What needs to be done —
Everything from the line with "#Podcast – Programa" to the end of the data below, both lines included, should be transcribed exactly; please omit the pictures.

Given data —
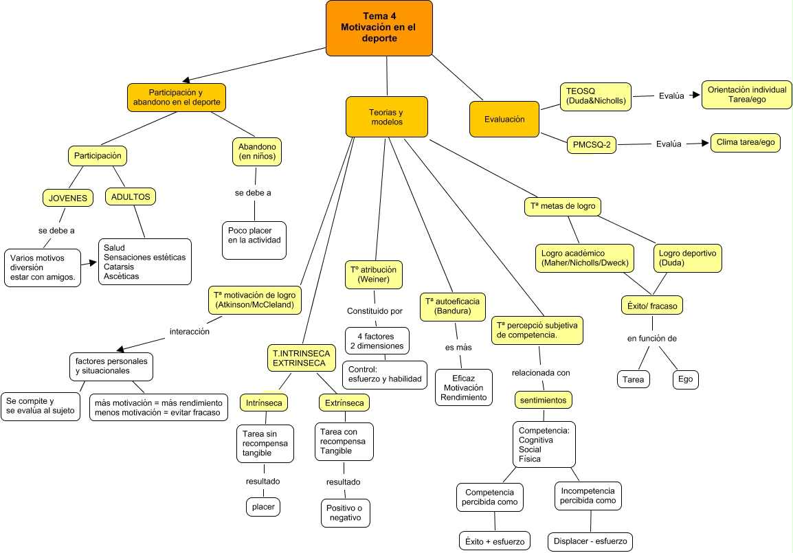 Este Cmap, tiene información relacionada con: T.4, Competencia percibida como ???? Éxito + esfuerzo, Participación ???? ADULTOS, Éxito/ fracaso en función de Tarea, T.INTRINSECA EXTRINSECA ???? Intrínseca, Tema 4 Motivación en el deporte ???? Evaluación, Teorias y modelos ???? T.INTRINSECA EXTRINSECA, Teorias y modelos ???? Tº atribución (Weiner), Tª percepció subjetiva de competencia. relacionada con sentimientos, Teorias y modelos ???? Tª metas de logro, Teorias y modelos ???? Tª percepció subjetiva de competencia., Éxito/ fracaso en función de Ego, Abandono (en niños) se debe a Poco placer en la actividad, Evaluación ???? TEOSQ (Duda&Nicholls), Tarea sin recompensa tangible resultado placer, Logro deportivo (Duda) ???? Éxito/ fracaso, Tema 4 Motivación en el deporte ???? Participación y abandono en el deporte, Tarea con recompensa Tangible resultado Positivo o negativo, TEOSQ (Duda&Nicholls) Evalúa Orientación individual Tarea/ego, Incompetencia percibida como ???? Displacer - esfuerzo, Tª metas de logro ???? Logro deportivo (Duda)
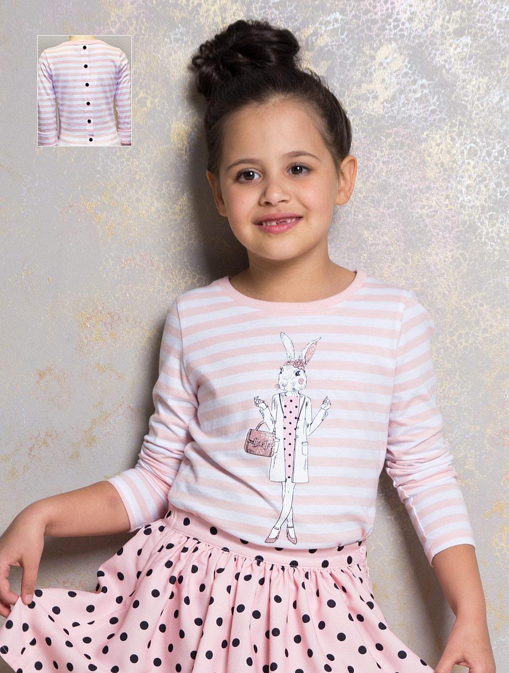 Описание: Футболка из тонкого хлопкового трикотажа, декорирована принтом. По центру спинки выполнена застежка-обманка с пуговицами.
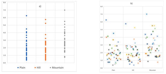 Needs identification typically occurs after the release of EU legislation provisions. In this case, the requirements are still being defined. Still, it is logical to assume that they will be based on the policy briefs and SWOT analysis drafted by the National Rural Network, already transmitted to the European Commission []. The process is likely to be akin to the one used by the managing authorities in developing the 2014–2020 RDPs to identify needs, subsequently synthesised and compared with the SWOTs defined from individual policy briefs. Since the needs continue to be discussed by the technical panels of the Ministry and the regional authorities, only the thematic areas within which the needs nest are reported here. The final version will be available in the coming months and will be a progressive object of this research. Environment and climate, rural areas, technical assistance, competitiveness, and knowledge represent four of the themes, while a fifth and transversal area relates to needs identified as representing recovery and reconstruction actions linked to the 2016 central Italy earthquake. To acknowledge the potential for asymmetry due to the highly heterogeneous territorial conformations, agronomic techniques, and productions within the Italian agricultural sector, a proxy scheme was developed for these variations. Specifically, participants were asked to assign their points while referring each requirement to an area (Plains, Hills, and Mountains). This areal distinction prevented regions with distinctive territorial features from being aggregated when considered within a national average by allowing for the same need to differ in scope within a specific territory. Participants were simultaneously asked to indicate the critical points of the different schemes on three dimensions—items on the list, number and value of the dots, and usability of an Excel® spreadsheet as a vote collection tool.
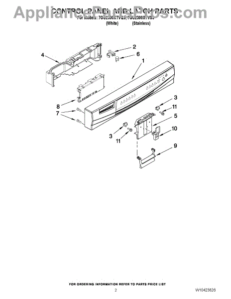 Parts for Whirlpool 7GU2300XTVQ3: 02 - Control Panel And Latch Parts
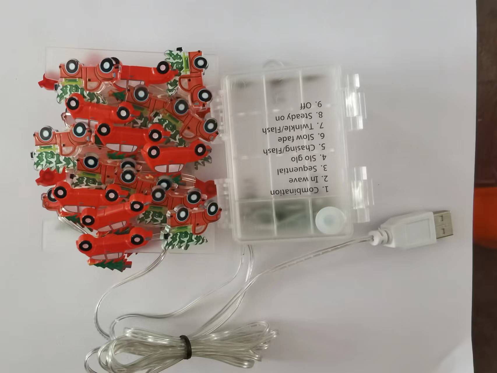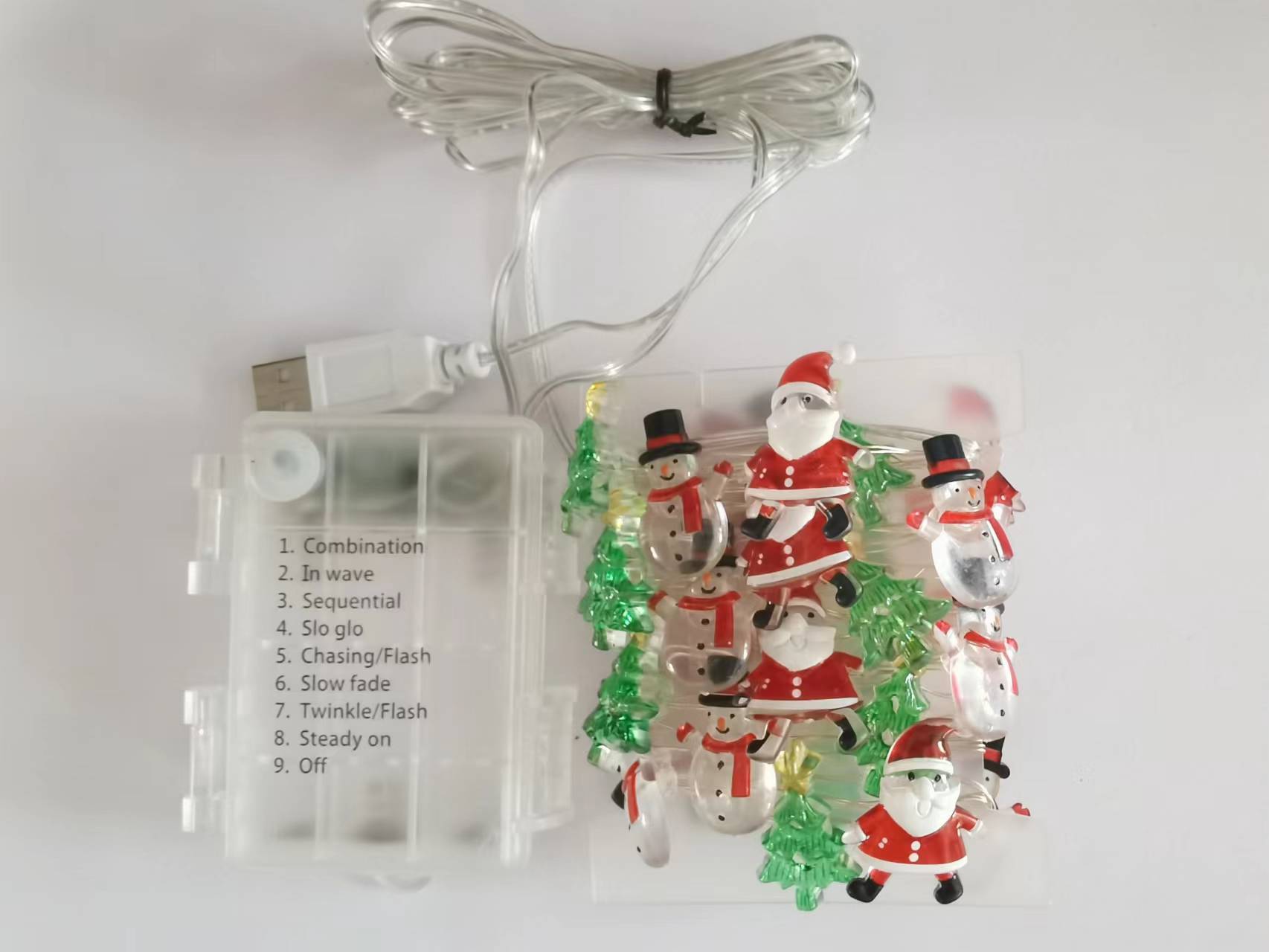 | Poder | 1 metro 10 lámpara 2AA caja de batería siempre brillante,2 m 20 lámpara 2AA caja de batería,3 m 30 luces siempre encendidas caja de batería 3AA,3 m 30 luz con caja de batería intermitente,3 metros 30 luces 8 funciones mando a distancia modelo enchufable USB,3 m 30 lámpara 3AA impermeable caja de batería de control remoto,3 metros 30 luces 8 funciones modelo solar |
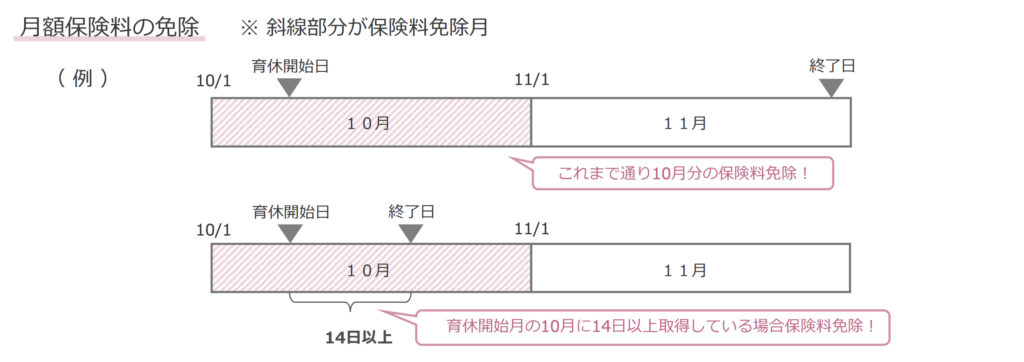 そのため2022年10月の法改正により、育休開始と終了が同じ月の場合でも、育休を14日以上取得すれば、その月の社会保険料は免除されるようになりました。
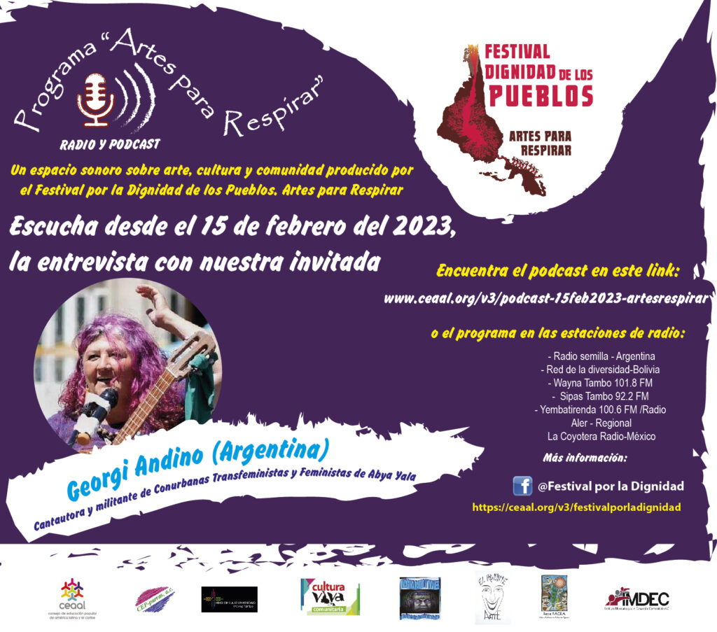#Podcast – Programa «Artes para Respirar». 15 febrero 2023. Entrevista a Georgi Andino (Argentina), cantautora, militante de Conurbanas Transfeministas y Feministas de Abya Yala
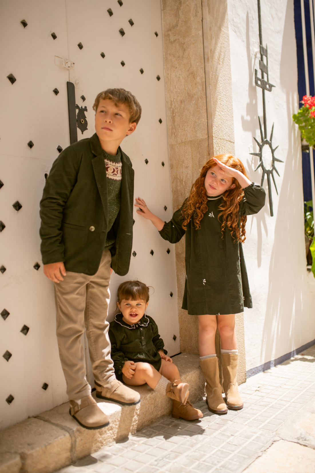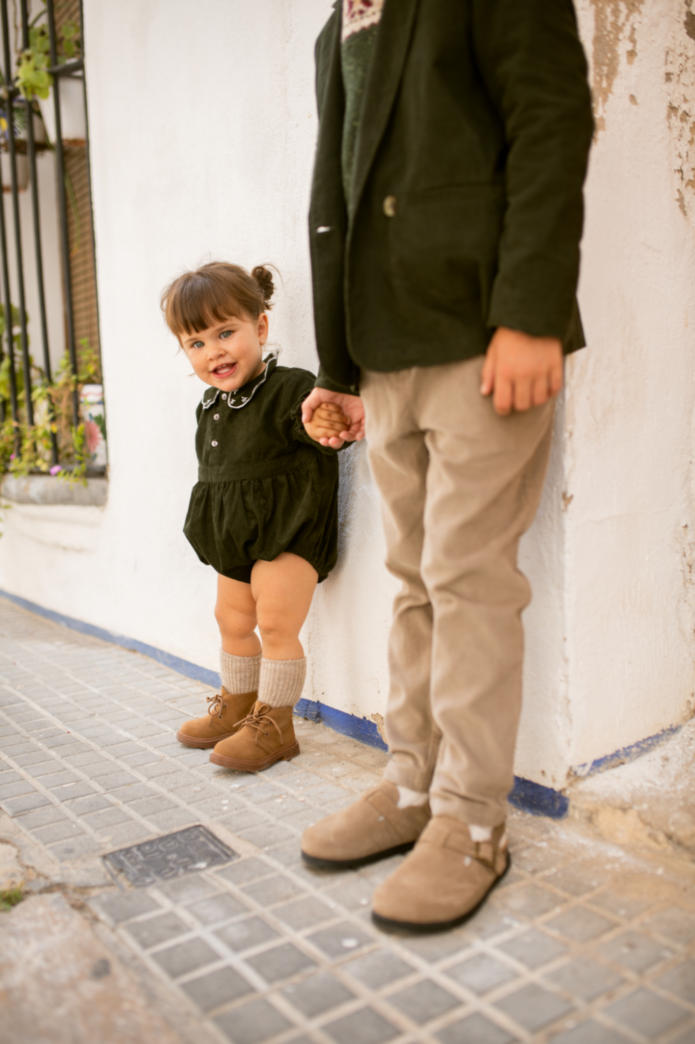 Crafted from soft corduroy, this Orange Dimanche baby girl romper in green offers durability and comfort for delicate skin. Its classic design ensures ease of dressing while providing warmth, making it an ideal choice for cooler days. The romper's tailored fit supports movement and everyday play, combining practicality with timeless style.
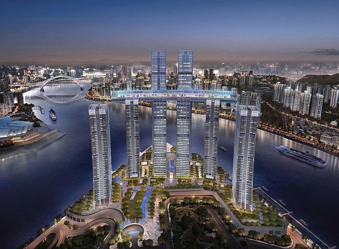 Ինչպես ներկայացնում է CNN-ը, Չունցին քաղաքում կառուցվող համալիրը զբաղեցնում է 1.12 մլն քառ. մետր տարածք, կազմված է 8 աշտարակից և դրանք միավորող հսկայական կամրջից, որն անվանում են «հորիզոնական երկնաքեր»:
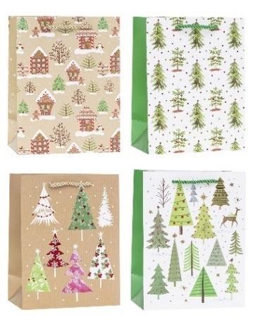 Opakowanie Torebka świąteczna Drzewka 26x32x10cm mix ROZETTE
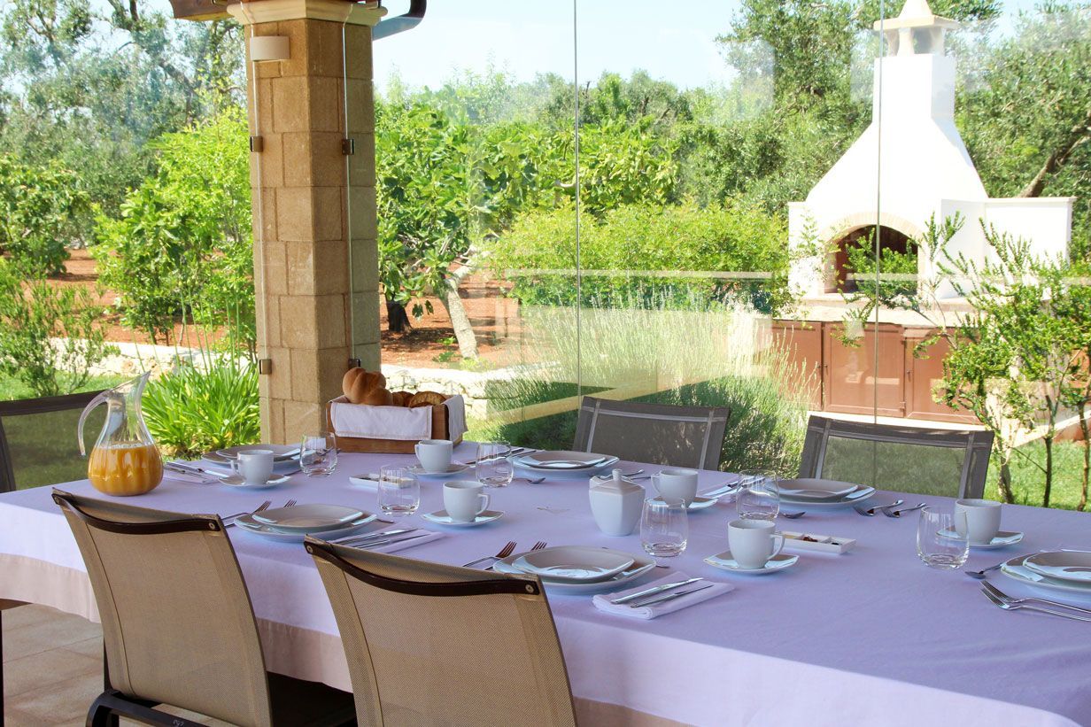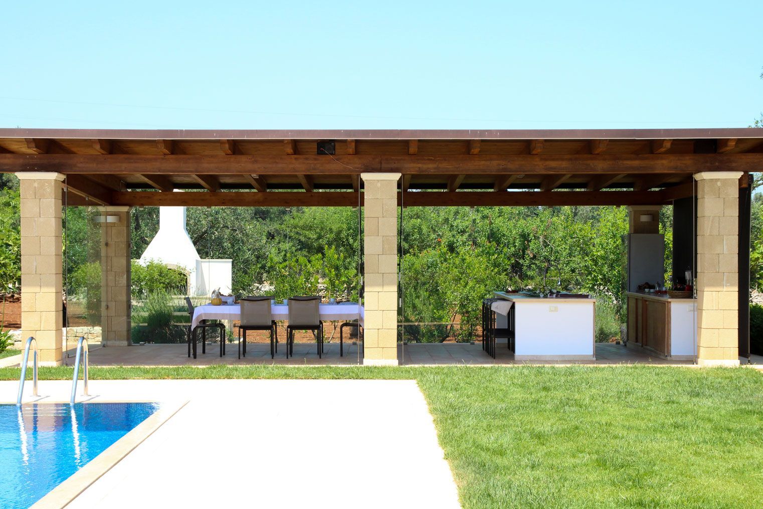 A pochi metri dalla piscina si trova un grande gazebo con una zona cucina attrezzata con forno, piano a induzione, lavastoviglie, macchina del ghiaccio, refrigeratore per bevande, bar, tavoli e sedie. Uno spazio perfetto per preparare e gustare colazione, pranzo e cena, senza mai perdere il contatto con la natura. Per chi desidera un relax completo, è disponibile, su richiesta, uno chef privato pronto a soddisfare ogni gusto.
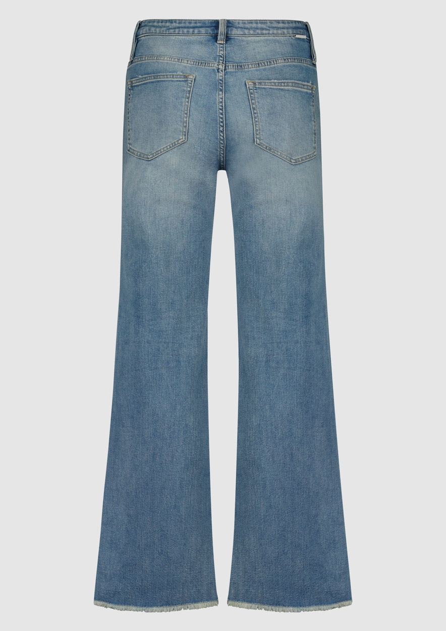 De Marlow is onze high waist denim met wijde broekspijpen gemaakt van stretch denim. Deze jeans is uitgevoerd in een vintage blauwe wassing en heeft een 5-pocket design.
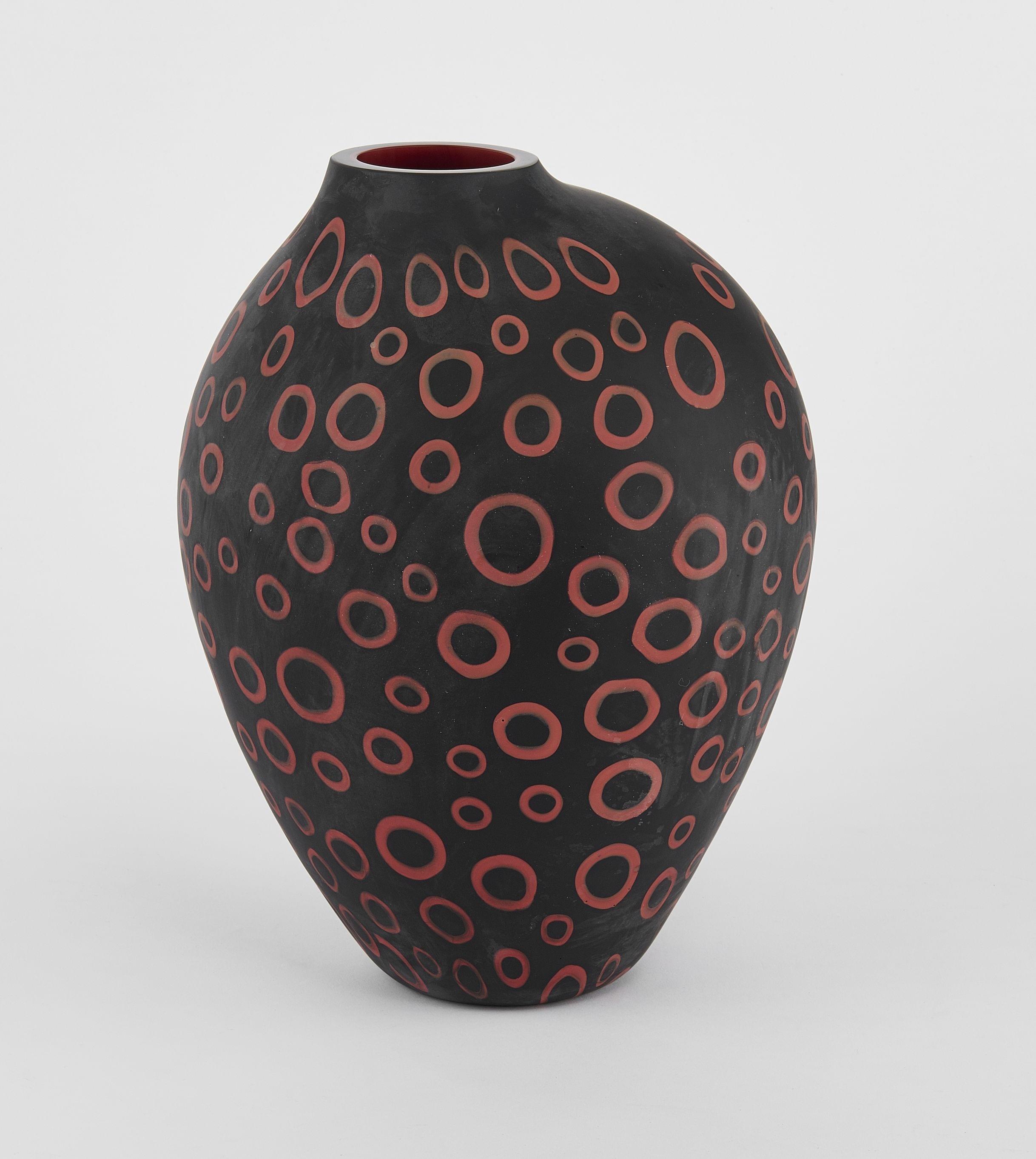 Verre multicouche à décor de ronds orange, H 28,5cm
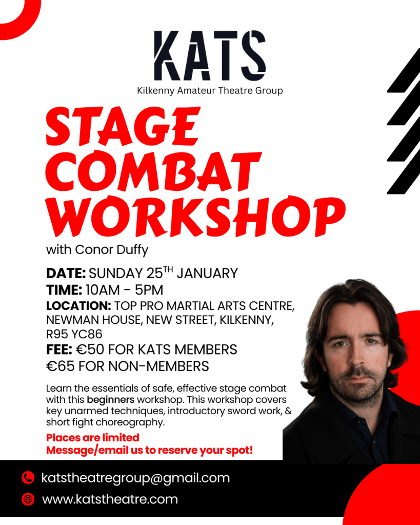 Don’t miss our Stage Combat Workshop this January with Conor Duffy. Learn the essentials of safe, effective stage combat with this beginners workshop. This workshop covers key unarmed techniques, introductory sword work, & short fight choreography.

Answer box —
#Podcast – Programa «Artes para Respirar». 15 febrero 2023. Entrevista a Georgi Andino (Argentina), cantautora, militante de Conurbanas Transfeministas y Feministas de Abya Yala
 Crafted from soft corduroy, this Orange Dimanche baby girl romper in green offers durability and comfort for delicate skin. Its classic design ensures ease of dressing while providing warmth, making it an ideal choice for cooler days. The romper's tailored fit supports movement and everyday play, combining practicality with timeless style.
 Ինչպես ներկայացնում է CNN-ը, Չունցին քաղաքում կառուցվող համալիրը զբաղեցնում է 1.12 մլն քառ. մետր տարածք, կազմված է 8 աշտարակից և դրանք միավորող հսկայական կամրջից, որն անվանում են «հորիզոնական երկնաքեր»:
 Opakowanie Torebka świąteczna Drzewka 26x32x10cm mix ROZETTE
 A pochi metri dalla piscina si trova un grande gazebo con una zona cucina attrezzata con forno, piano a induzione, lavastoviglie, macchina del ghiaccio, refrigeratore per bevande, bar, tavoli e sedie. Uno spazio perfetto per preparare e gustare colazione, pranzo e cena, senza mai perdere il contatto con la natura. Per chi desidera un relax completo, è disponibile, su richiesta, uno chef privato pronto a soddisfare ogni gusto.
 De Marlow is onze high waist denim met wijde broekspijpen gemaakt van stretch denim. Deze jeans is uitgevoerd in een vintage blauwe wassing en heeft een 5-pocket design.
 Verre multicouche à décor de ronds orange, H 28,5cm
 Don’t miss our Stage Combat Workshop this January with Conor Duffy. Learn the essentials of safe, effective stage combat with this beginners workshop. This workshop covers key unarmed techniques, introductory sword work, & short fight choreography.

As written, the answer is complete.